Au deuxième siècle, Rabbi Akiba – l’un des architectes les plus importants du judaïsme rabbinique – soutint que Lévitique 19:18 « Aime ton prochain comme toi-même », l’un des versets de la lecture de la Torah de cette semaine – contient la plupart des valeurs et des principes du judaïsme.
Curieusement, par exemple, on peut rencontrer dans des lieux publics, des militants juifs insistant sur l’importance de pratiquer certaines mitsvot telles que mettre des téfilines, agiter le loulav ou allumer des bougies. Il serait difficile, voire impossible, de trouver ces mêmes militants exhortant les autres Juifs à pratiquer l’amour pour les autres.
Il y a quelques années, Joseph R. Rackman écrivait dans la « Revue juive »:
« La mesure d’une Ba’al Techouva, une « personne de retour » au judaïsme, est mesurée par des observances rituelles, par exemple: a-t-il cessé d’utiliser l’électricité le sabbat? Les questions qui devraient également être posées sont les suivantes : Traitez-vous votre secrétaire avec dignité? Quand une personne vient vous solliciter pour une œuvre de charité, la traitez-vous avec courtoisie et reconnaissez-vous qu’il est plus difficile de demander que de donner? Refusez-vous de parler mal de quelqu’un? Êtes-vous honnête dans votre entreprise?”

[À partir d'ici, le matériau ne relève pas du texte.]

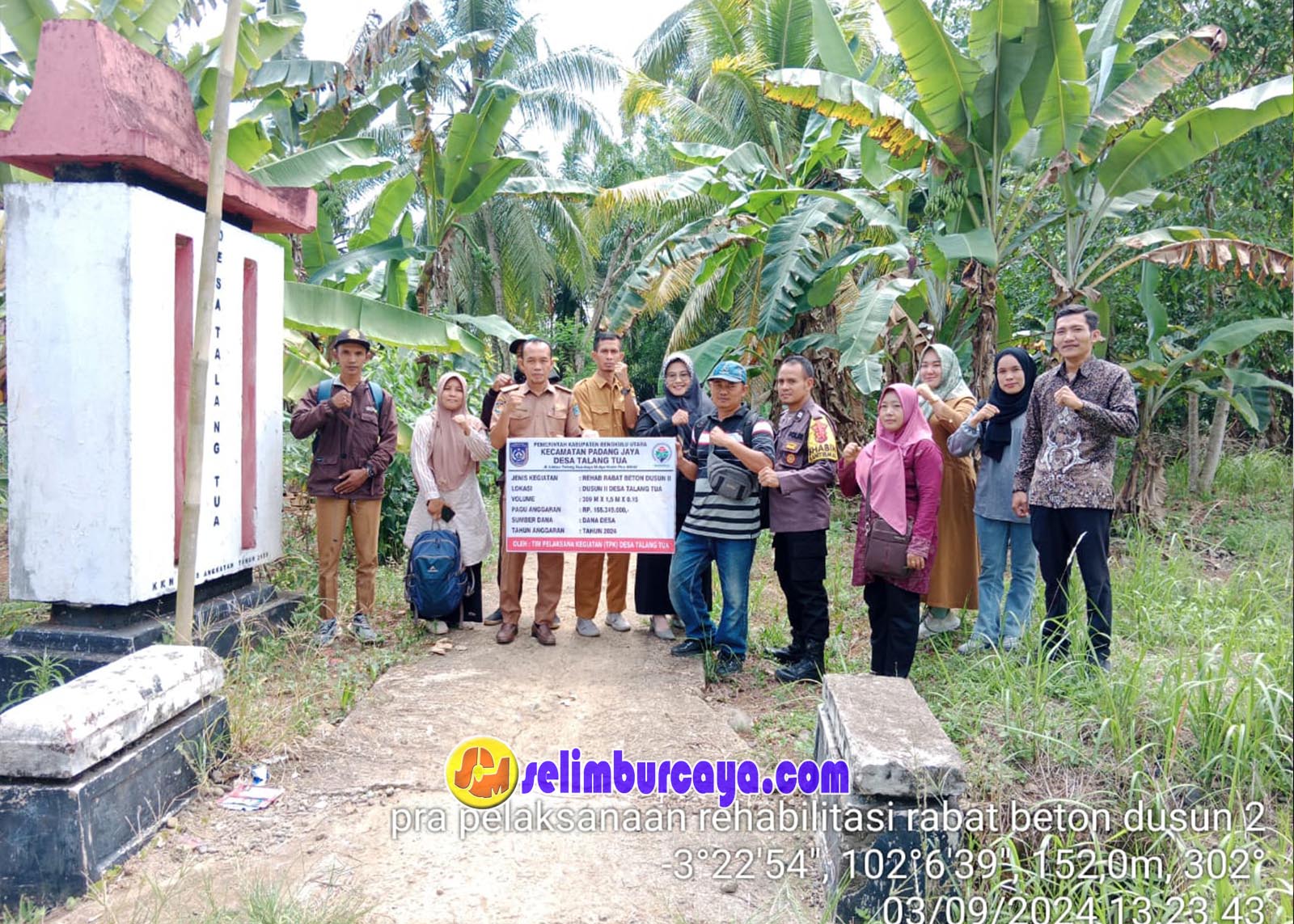Pemerintah Desa Talang Tua, Kecamatan Padang Jaya, Kabupaten Bengkulu Utara, menggelar Musyawarah Pra Pelaksanaan Pembangunan Titik Nol Rehabilitasi Rabat Beton (04/09/2024)(foto:Robi/Selimburcaya.com).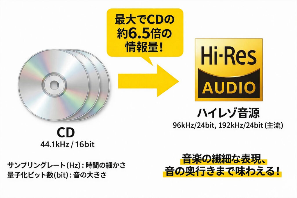 CDのフォーマット(規格)は44.1kHz / 16bitであり、ハイレゾ音源は96kHz/24bitや192kHz/24bitが主流であるため、最大でCDの約6.5倍の情報量をもっていることになります。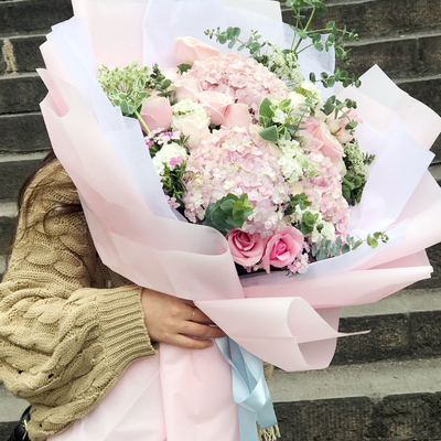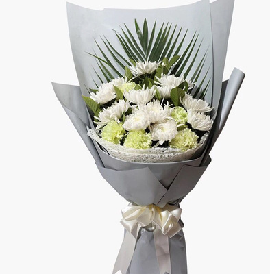 白色+灰色雾面纸层次包装,黑色英文缎带束扎花语:是你赋予了如此神圣的爱,带我逃离荒芜地带,为你我愿意热爱整个世界,从此擦干泪眼……附送:

L’argument, sinon l’excuse, pour laquelle le commandement « Aime ton prochain comme toi-même » n’est pas aussi prédominant que Rabbi Akiva voudrait que nous l’ayons, tourne généralement autour fait qu’il s’agit d’un déclaration très abstraite.

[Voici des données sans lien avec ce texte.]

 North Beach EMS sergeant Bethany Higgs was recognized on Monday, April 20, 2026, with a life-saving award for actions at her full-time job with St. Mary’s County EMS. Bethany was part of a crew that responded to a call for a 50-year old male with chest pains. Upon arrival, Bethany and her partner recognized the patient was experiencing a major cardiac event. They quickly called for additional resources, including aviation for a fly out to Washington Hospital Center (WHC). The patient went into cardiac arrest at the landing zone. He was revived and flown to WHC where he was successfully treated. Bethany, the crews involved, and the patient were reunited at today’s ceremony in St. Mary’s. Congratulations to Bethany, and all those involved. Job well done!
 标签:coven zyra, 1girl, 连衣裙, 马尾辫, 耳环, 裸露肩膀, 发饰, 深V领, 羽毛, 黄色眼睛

Soyons réalistes. L’amour n’est pas juste une de ces choses que peu d’entre nous savent exprimer, comment est-il possible, en tout cas, de faire régner une émotion?

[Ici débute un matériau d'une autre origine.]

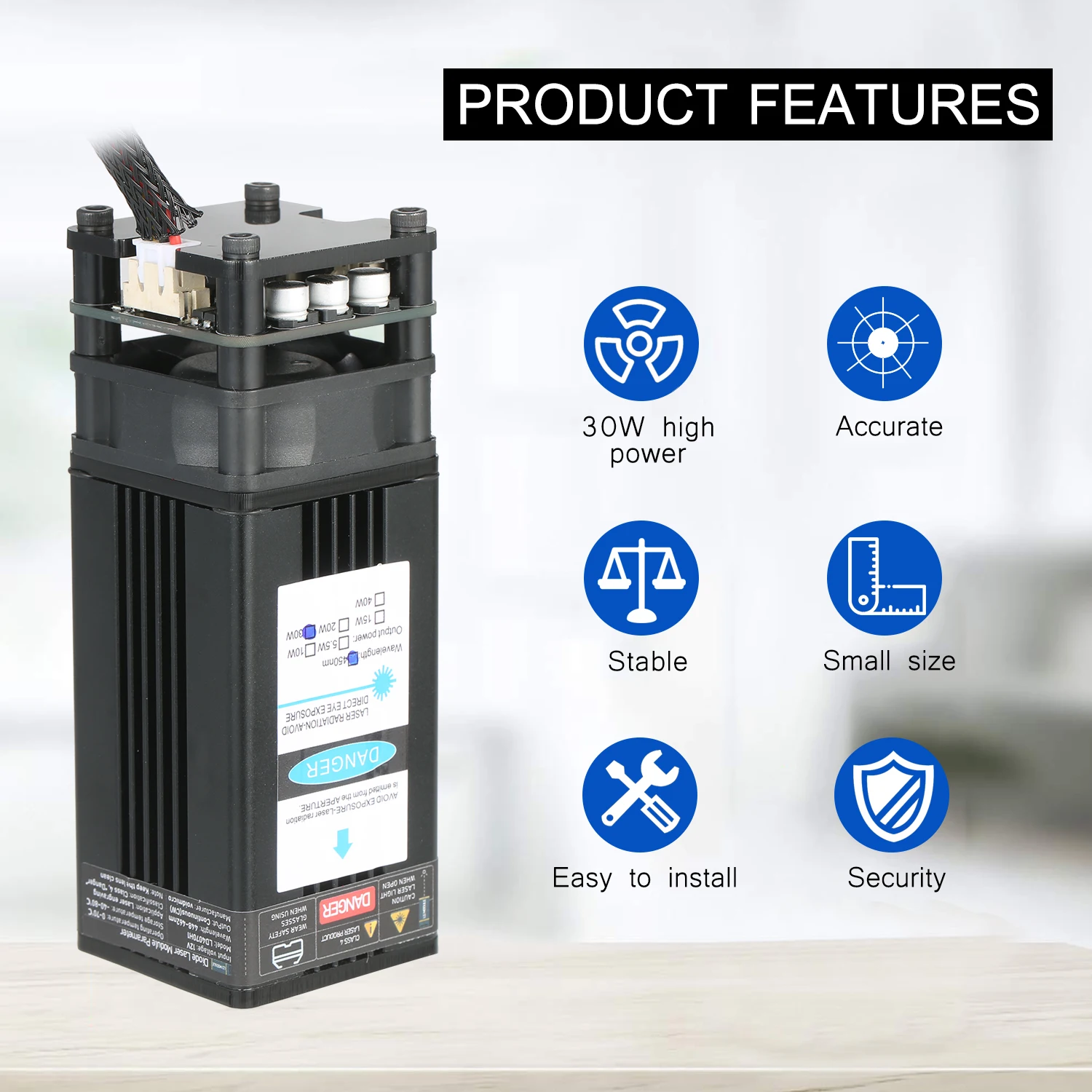 В комплект лазерного модуля «сделай сам» входит плата адаптера для 3 входных методов с кабелем TLL и 3-контактным кабелем, который универсально подходит для всех устройств для лазерной гравировки, 3D-принтера и фрезерного станка с ЧПУ. С длиной волны 450 нм, это эффективный инструмент для лазерной гравировки и лазерной резки. Есть 5 мощных лазерных модулей на выбор, они могут гравировать и разрезать разнообразные материалы. Особенности: Комплект лазерного модуля Universtal-посылка комплект входит лазерный модуль, плата адаптера метода ввода 3, кабель 2 Pin и 3 pin, блок питания и шнур питания. Плата адаптера 3 интерфейса и 2 кабеля предназначены для лазерного гравера, 3D-принтера, Фрезы с ЧПУ. Вы можете свободно использовать наш лазерный модуль в разнообразной раме. Обновление голубого лазерного модуля -- обновление профессионального лазерного модуля с меньшими потерями и высокой точностью, при этом высокая скорость, высокая стабильность и длительный срок службы. Яркий сине-фиолетовый светильник, точное Пятно без бродсветильник, легко определить местоположение при гравировке. Фиксированный фокус-поставляется с дополнительным фокусным кольцом, помогающим выравнивать расстояние гравировки между лазерным модулем и резьбовыми предметами. Легко собирается безопасное использование-маленький и компактный, удобный и простой в установке. Поставляются с защитными очками, обеспечивают безопасность рабочего процесса. 40 Вт резьбовой материал-он может гравировать 201/304 нержавеющей стали, титановой стали и анодированного алюминия, камня, МДФ, бальзы, дерева, ткани, пластика, печатных плат, бумаги, бамбука, рога, кожи, губчатая бумага и т. д. Не гравируется: медь ra w Материал s, алюминий ra w Материал s. 40 Вт режущие материалы-резка фанеры, резка черной акриловой доски, кожи, бумаги и т. д. Спецификация: Вилка: ЕС/США/Великобритания/Австралия (опционально) Мощность лазера: 5500 МВт/10 Вт/20 Вт/30 Вт/40 Вт (опционально) Материал: алюминиевый сплав + пластик Цвет светильник: сине-фиолетовый Входное напряжение: 12 В Длина волны: 448-462nm Форма затычка: кнопка, регулируемый фокус (30 Вт не может регулировать фокусировку) Источник питания: Вход: AC 100-240V 50-60Hz Выход: 12 В 6А Комплектация: 1 * лазерный модуль 1 * комплект аксессуаров для установки 1 * вспомогательная фокусировка 1 * конверсионная плата 1*2 контактный шнур 1*3 контактный шнур 1 * очки 1 * блок питания 1 * шнур питания

De manière significative, cependant, la Torah elle-même enseigne que le réfugié est « aimé » en lui fournissant nourriture et abri. Cela signifie que « amour » est le nom qui peut également être donné à certains comportements et pas seulement à une émotion.
Les premières versions de la Torah en araméen traduisaient déjà le verset par « tu montreras de la compassion » au lieu de « tu aimeras ».
Dans les Écritures hébraïques, « aimer » souvent signifie être serviable, loyal, apporter un soutien concret. La rareté de ces comportements peut être en grande partie à l’origine de nombreux maux qui affectent notre monde: la xénophobie, l’hypernationalisme et même le nombre de politiciens puissants qui jettent des millions de personnes dans la misère.
La nécessité de sauver de la vacuité sinon de la négligence une des plus importantes « mitzvahs » du judaïsme, en la rendant opérationnelle par le biais d’applications concrètes, devrait être la première priorité de notre génération, pas la seconde.
Gardons à l’esprit qu’une société qui ne fait que se regarder elle-même n’est pas seulement responsable des maux qui l’affectent. C’est une société qui a perdu tout intérêt pour l’avenir, c’est-à-dire pour nos enfants et petits-enfants.